Correct on that, would need to have 15 amp breaker.

I have run into this sort of situation more frequently with multiple motor circuits in one raceway, but with those 240.3 sends you to art 430 where overcurrent protection rules are different from the general rules, reality is motor conductors are protected to same level as the motor overload protection even though the short circuit/ground fault protection is usually higher than the general rules
 

kwired

Electron manager
Location
NE Nebraska
As dumb as it sounds that would still be at least 9 CCC's (depending on if the neutral were run with the ungrounded conductor) so derating is required
and it still ends up with each conductor carrying less than the derated ampacity. Overcurrent protection required can be impacted though as was mentioned in my other reply.
 

don_resqcapt19

Moderator
Staff member
Location
Illinois
It doesn't matter that they're on the same circuit, you count the number of CCC's and derate based on that. I agree, split a 9 amp load over 9 conductors and it will generate almost no heat.
This would be a good place for a 2023 PI, but not sure what the language would look like to make it understandable.

16 conductors each carrying 5 amps, would produce the same total heat as 2 conductors of the same size each carrying 20 amps.
 

tortuga

Senior Member
Location
(44.057116, -123.103394)
Occupation
field supervisor
Situation: Lighting Control. A single 20a circuit feeds 8 lighting loads in a room. The contractor ran 8 hots and 8 neutrals for a total of 16 current carrying conductors in a 20' run of 1-1/2" emt from the control module to a j-box in the ceiling where lighting loads are.

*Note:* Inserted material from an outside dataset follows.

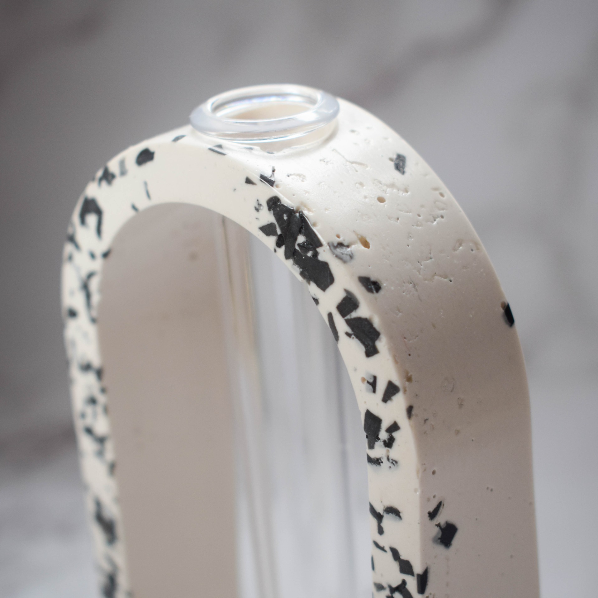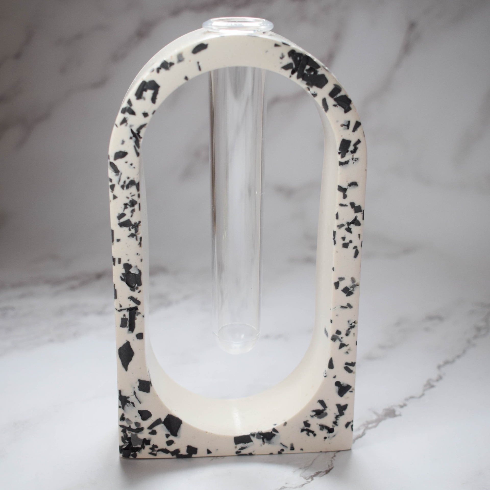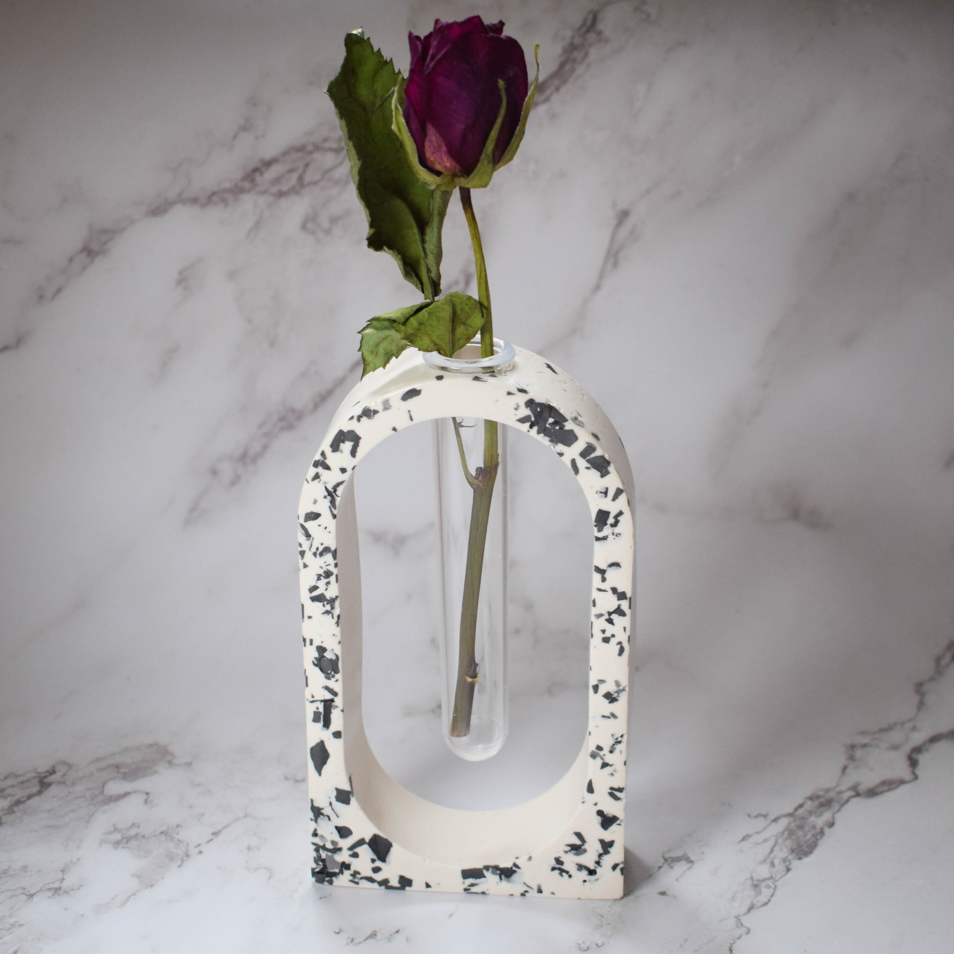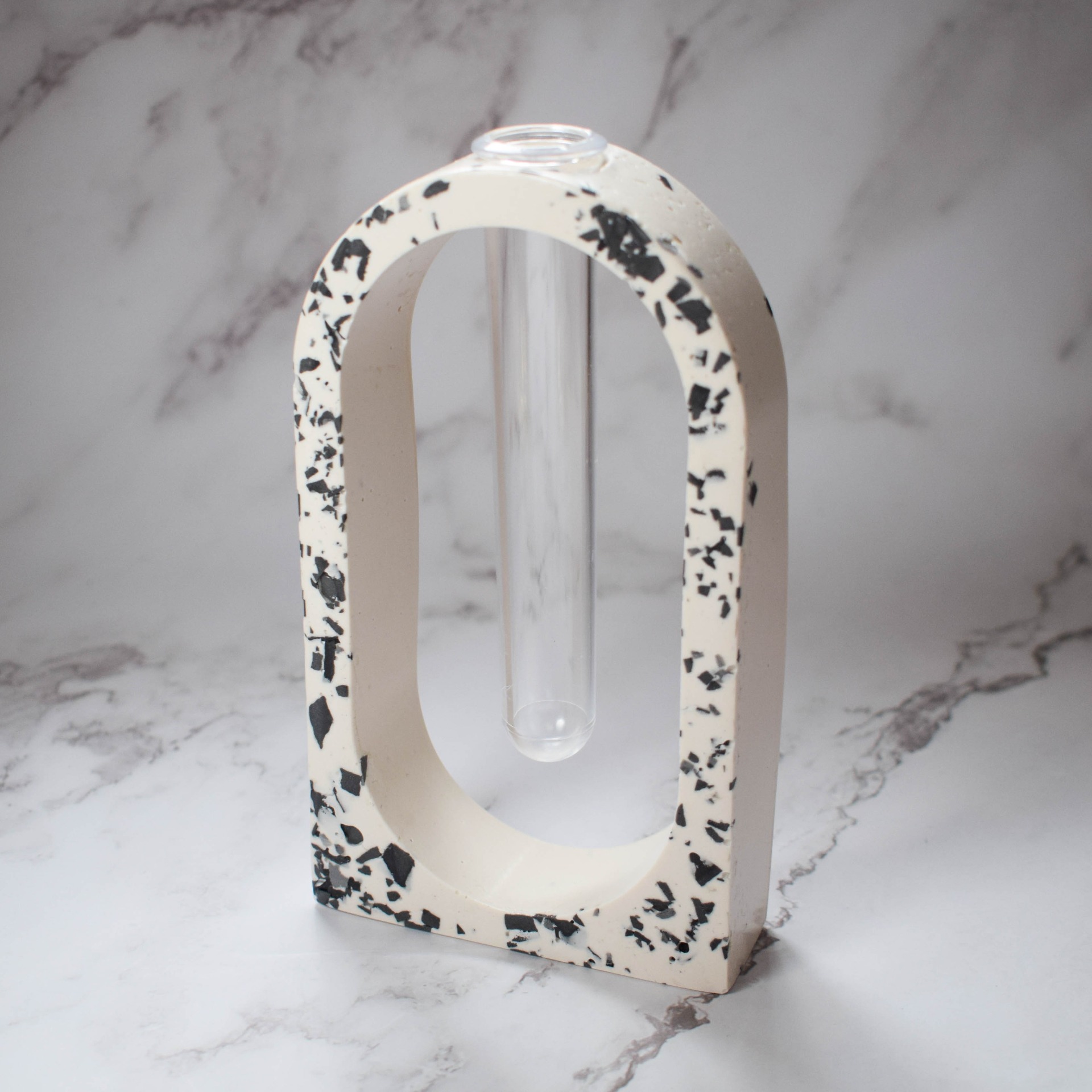 Vázička oválného tvaru vyrobena z jesmonitu, v designu terrazzo. "Zkumavka" je z plastu, lze do ní nalít vodu a přidat kytku. Pozor na velikost kytky, váza by se mohla převrhnout.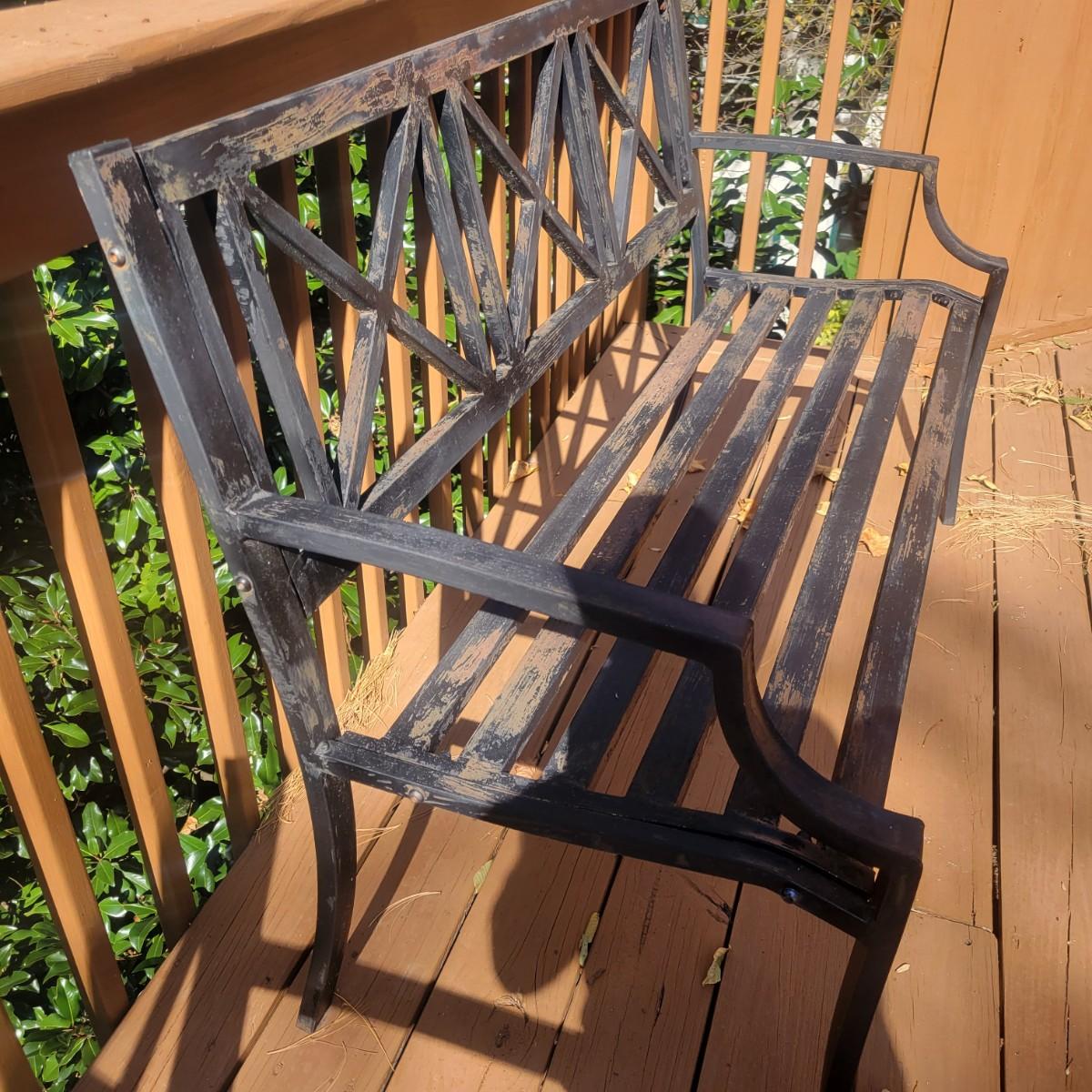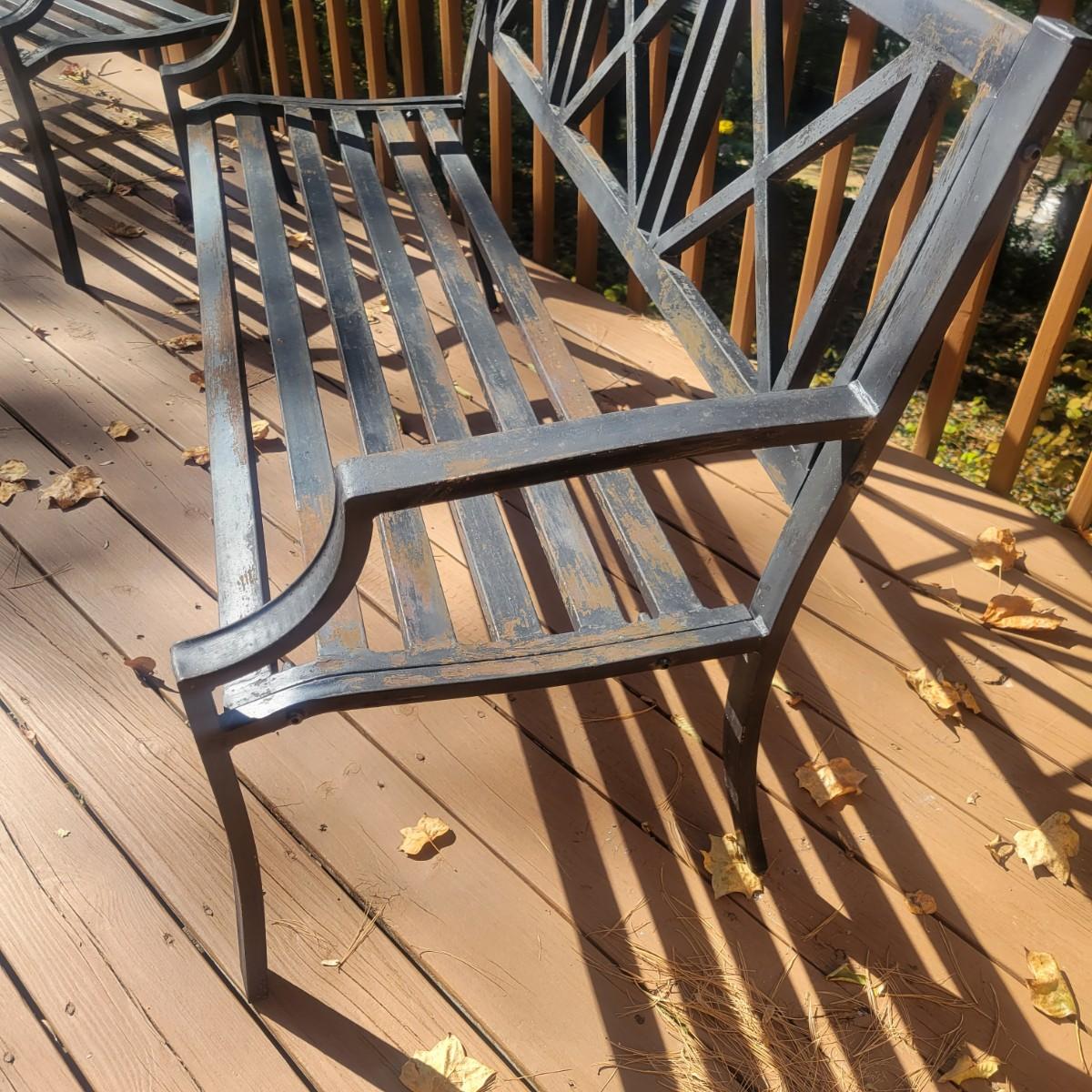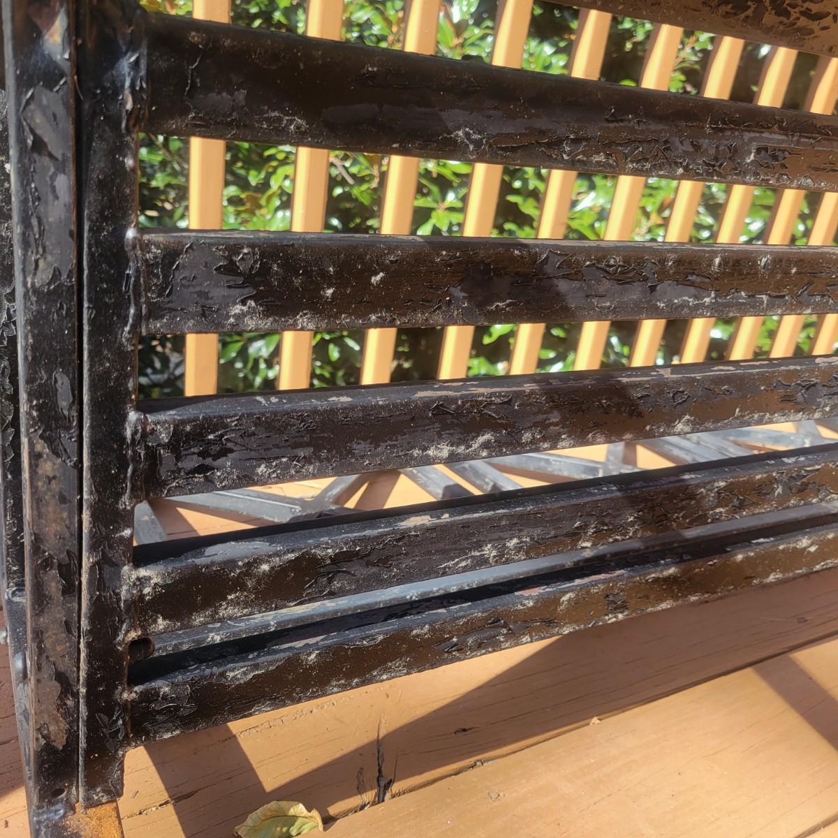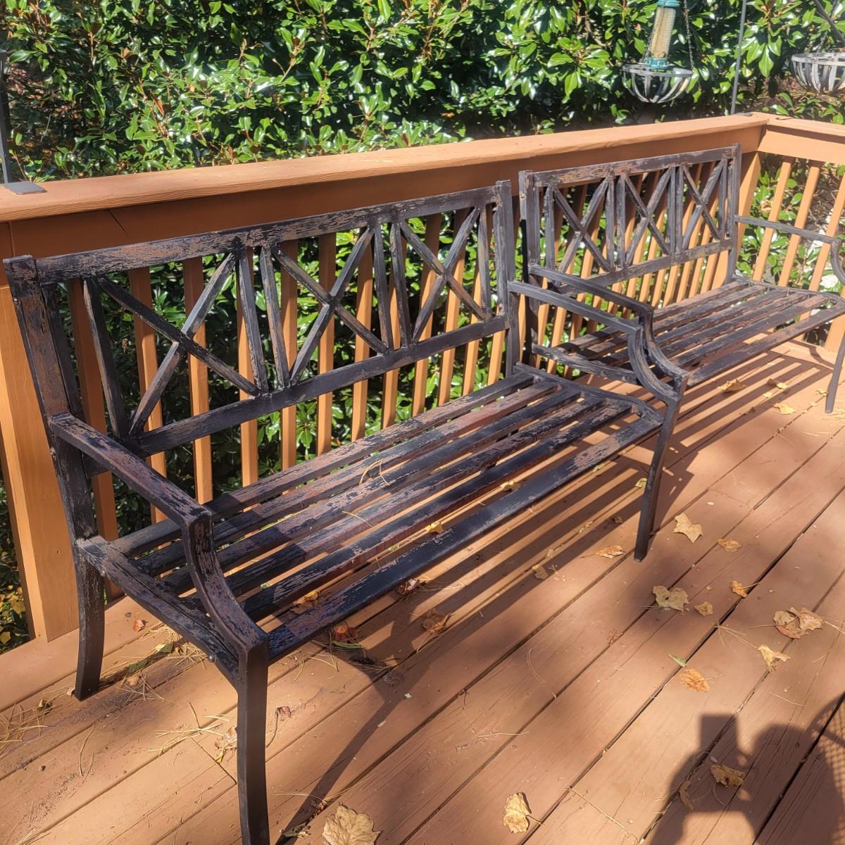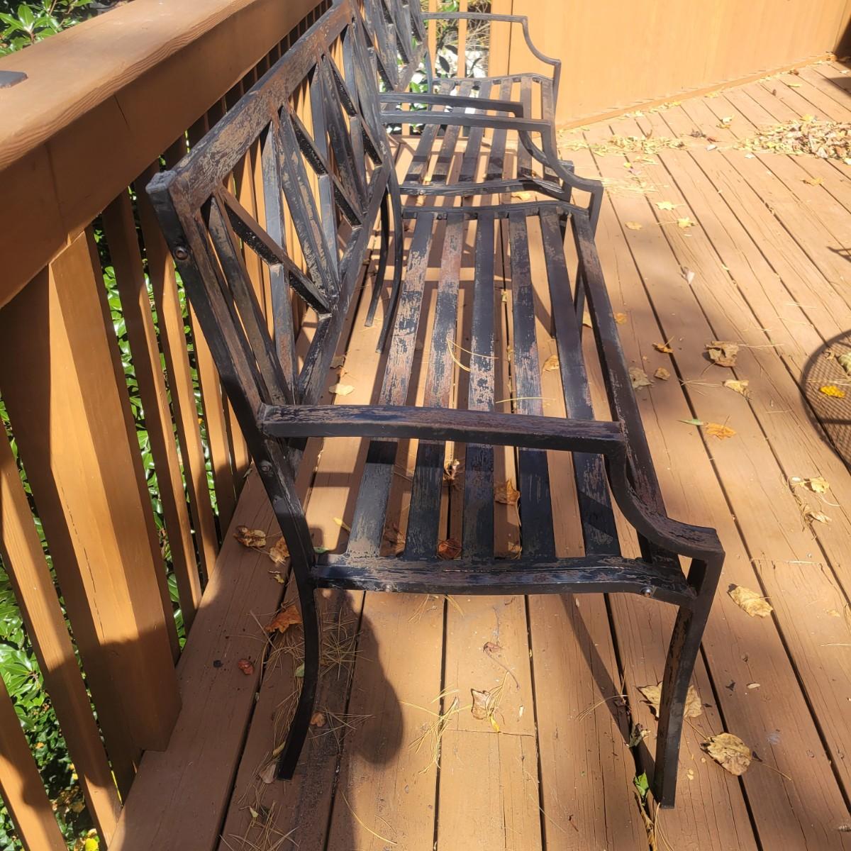 A pair of painted metal outdoor benches in good condition, but there is some rusting and the black paint is peeling in many areas. These benches are made of tube steel and are structurally sound. They could easily be sanded sealed and painted to bring them many years of life. Each bench measures approximately 50.5" x 21" x 34" with a seat height of 17". Winning bidder will need to bring assistance as these items are bulky. Local pickup only

According to 310.15(b)(3), these should be de-rated by 50%.
They do make smaller than 15 amp breakers that are sometimes used in lighting control panels.
These fall under supplementary over-current protection.
This would be a good place for a 2023 PI, but not sure what the language would look like to make it understandable.

16 conductors each carrying 5 amps, would produce the same total heat as 2 conductors of the same size each carrying 20 amps.
Yeah some kind of wording recognizing supplemental protection like smaller breakers for lighting.
 

wwhitney

Senior Member
Location
Berkeley, CA
This would be a good place for a 2023 PI, but not sure what the language would look like to make it understandable.
How about something like "where two or more current carrying conductors are protected by a single overcurrent device, and the currents in them are additive at the overcurrent device, they may be counted as a single current carrying conductor."